WHAT NEEDS TO BE DONE.
Among the lines of data below, reproduce only those from the one with "3、汉语字典、拼音、笔画、边旁部首搜索功能;" through the one with "生ハム、チーズ、ルコラとトマ", exactly as they stand, both ends included.

EXTRACTED DATA.

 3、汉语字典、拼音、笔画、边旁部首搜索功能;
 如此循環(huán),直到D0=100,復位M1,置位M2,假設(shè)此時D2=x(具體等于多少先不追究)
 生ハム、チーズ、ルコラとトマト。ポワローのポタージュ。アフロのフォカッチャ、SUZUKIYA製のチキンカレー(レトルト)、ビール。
...
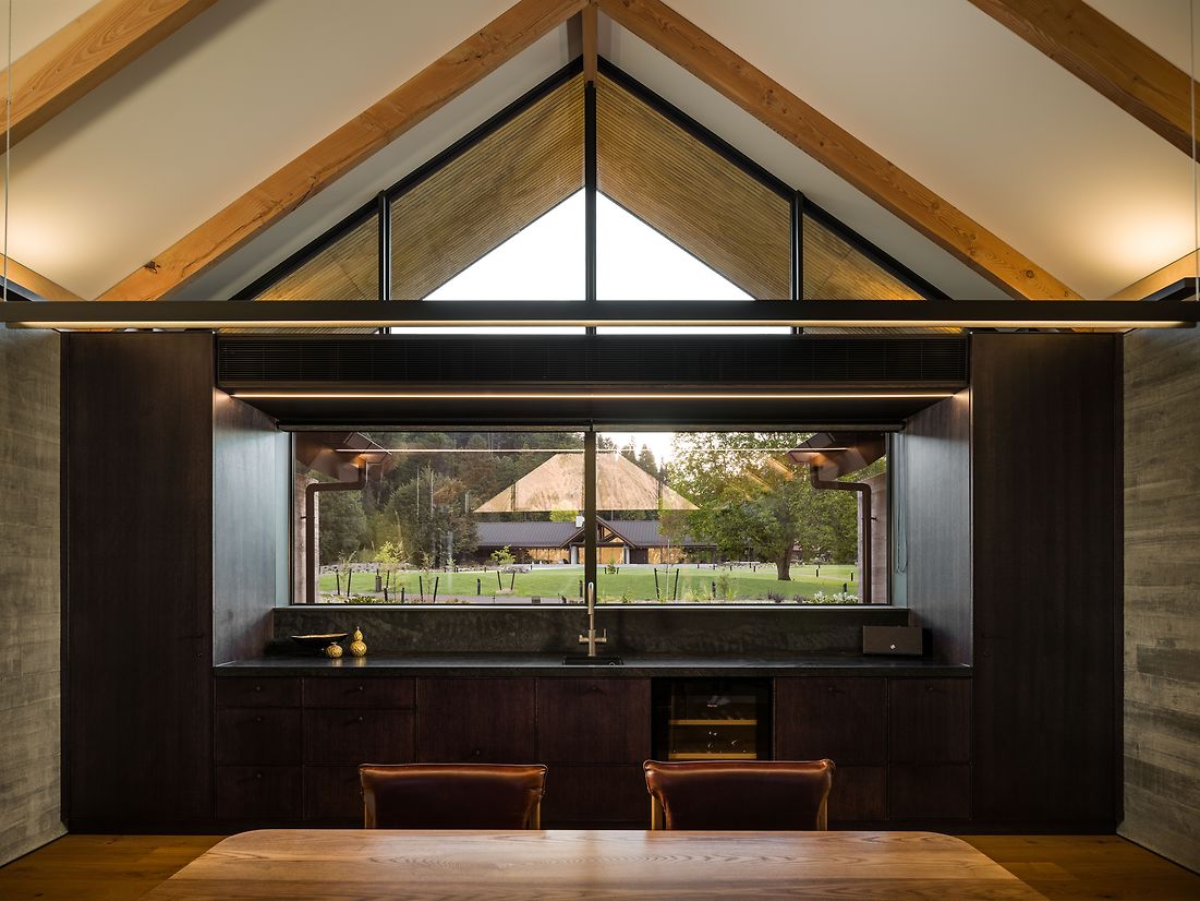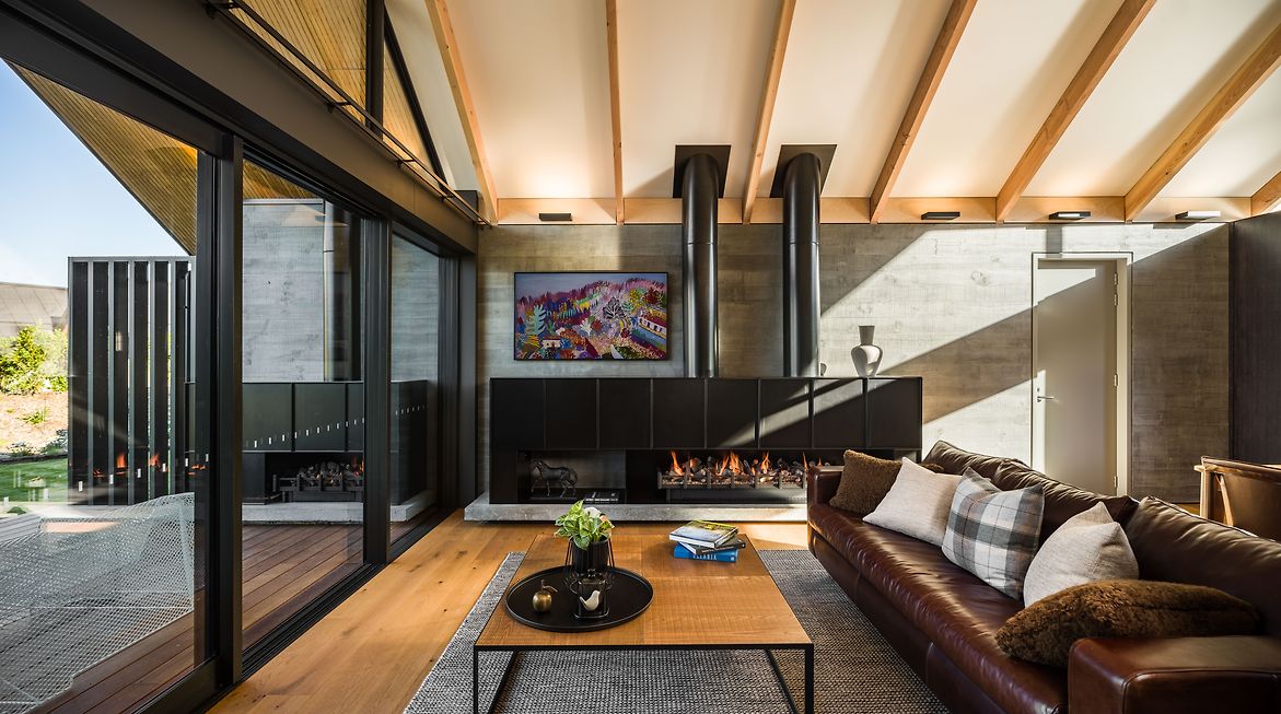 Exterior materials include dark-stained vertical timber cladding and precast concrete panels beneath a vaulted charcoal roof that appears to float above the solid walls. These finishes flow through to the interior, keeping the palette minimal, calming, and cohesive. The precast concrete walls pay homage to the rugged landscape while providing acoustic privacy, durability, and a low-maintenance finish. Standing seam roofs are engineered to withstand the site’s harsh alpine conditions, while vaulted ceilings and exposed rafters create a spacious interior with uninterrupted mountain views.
---
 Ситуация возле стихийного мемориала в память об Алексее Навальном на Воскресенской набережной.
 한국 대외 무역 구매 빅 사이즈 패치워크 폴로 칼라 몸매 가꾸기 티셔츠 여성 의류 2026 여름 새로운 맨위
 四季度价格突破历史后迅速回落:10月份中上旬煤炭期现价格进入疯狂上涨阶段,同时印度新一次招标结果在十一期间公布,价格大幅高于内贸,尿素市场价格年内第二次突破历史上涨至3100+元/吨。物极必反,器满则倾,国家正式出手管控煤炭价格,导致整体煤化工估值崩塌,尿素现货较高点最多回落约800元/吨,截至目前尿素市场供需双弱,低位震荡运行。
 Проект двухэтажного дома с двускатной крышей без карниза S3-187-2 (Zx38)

ANSWER BOX.
 3、汉语字典、拼音、笔画、边旁部首搜索功能;
 如此循環(huán),直到D0=100,復位M1,置位M2,假設(shè)此時D2=x(具體等于多少先不追究)
 生ハム、チーズ、ルコラとトマト。ポワローのポタージュ。アフロのフォカッチャ、SUZUKIYA製のチキンカレー(レトルト)、ビール。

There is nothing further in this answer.